A cold weather system that painted Alberta red with extreme cold weather warnings this week is subsiding in the far south regions of the province.
The public alerts issued by Environment Canada were lifted in areas closest to the Montana Border at mid-day on Thursday.
Cypress Hills and Foremost, Lethbridge-Taber, Cardston and the Crowsnest Past emerged as daytime temperatures reached minus-22C. All of Saskatchewan was placed under a warning Wednesday, but that too was lifted.
Still in effect was a warning for Medicine Hat-Bow Island-Suffield, though that is expected to expire on Saturday. That day, the local high is predicted at minus-22C and the low at minus-29C.

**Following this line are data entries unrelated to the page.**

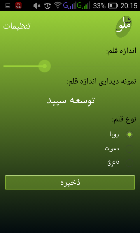 تغییر اندازه خط : قابلیت انتخاب اندازه های بسیار بسیار بزرگ و بسیار بسیار کوچک جهت نمایش اشعار را برای شما فراهم می کند. این ویژگی به افرادی که دارای ضعف بینایی دارند کمک می کند به راحتی بتواند با برنامه کار کنند .
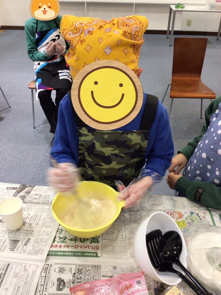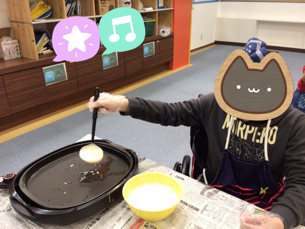 おやつでホットケーキを作りました。卵を綺麗に割って混ぜることができました。
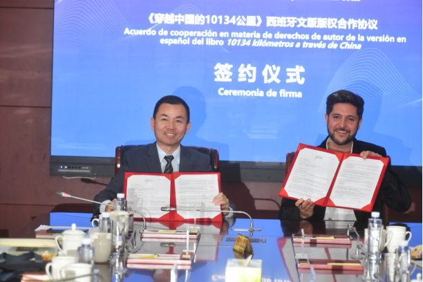 阿根廷仟雨出版社社長吉列爾莫·布拉沃出席活動,并與朝華出版社社長汪濤簽署《穿越中國的10134公里》西班牙文版版權合作協議。
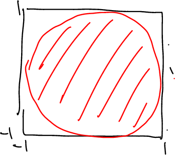 - (optional) One way to compute pi is through random simulation. Generate random floating-point numbers x and y between -1 and 1. Check whether the point (x, y) lies within the unit circle, i.e. x2 + y2 ≤ 1. If so, call it a hit. Then the ratio hits/tries is approximately π /4 (because the square in which x and y are located has area 4.) Write a program that computes π from 1,000,000 tries.
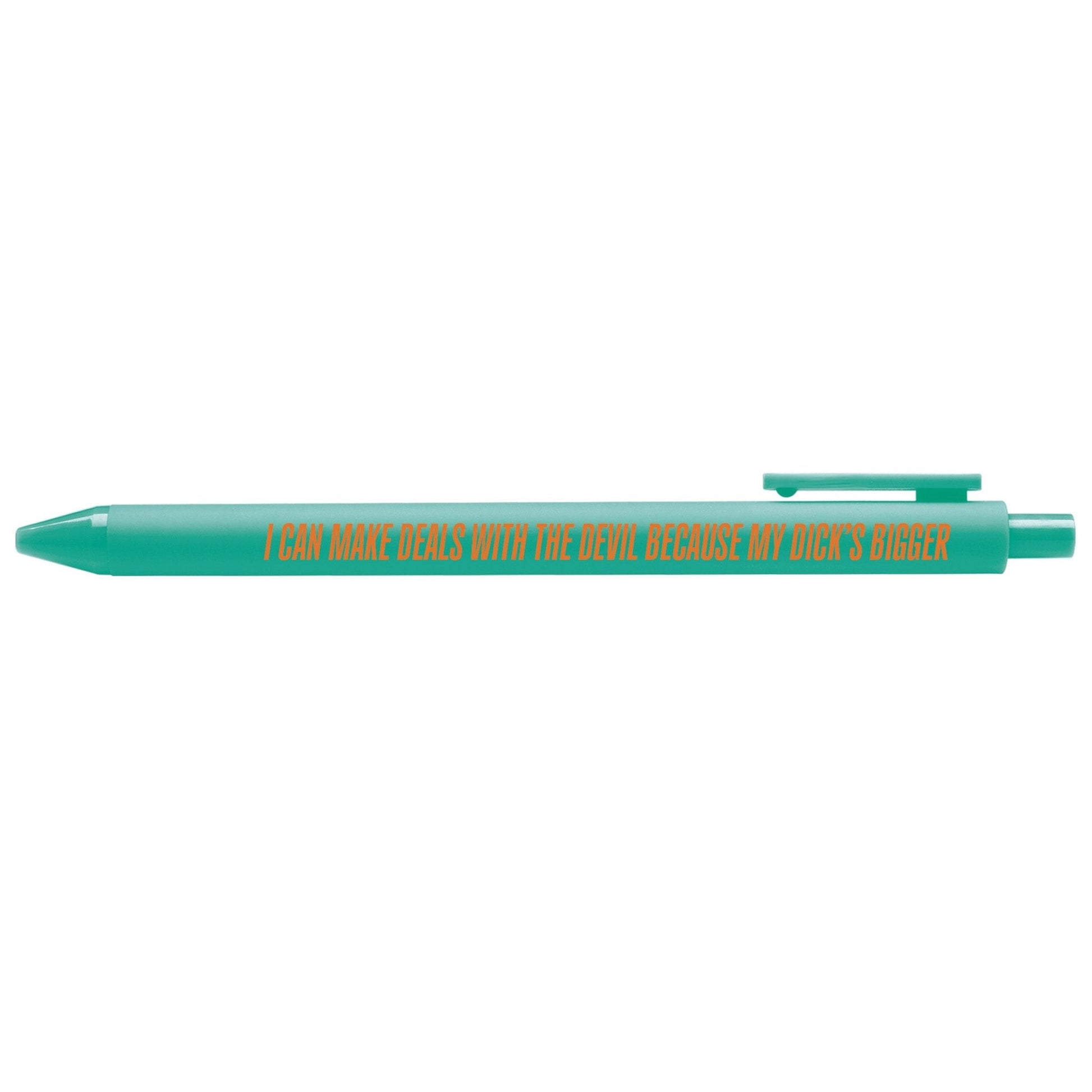 I can make deals with the devil because my dick's bigger - teal barrel, orange text 0.5mm fine point

The expected high on Sunday in minus-4C, then 5C on Monday.
Such warnings are issued when the federal agency forecasts a “multi-day episode of very cold wind chills.” The coldest wind chill values predicted locally were in the range of minus-45C.
Power use
Alberta electric system operators asked some large power users to shed load on Thursday as demand spiked in the morning hours, prompting a minor emergency alert at 8 a.m.
Power prices again spiked to the maximum $1,000 per megawatt hour in mid-morning as demand rose. The emergency status was downgraded in the early afternoon.
Earlier this week, AESO set emergency status at level 2 – one step short of instituting brown-outs – as demand set a new record while generation was hampered by coal-fired plants going offline and wind power stagnating.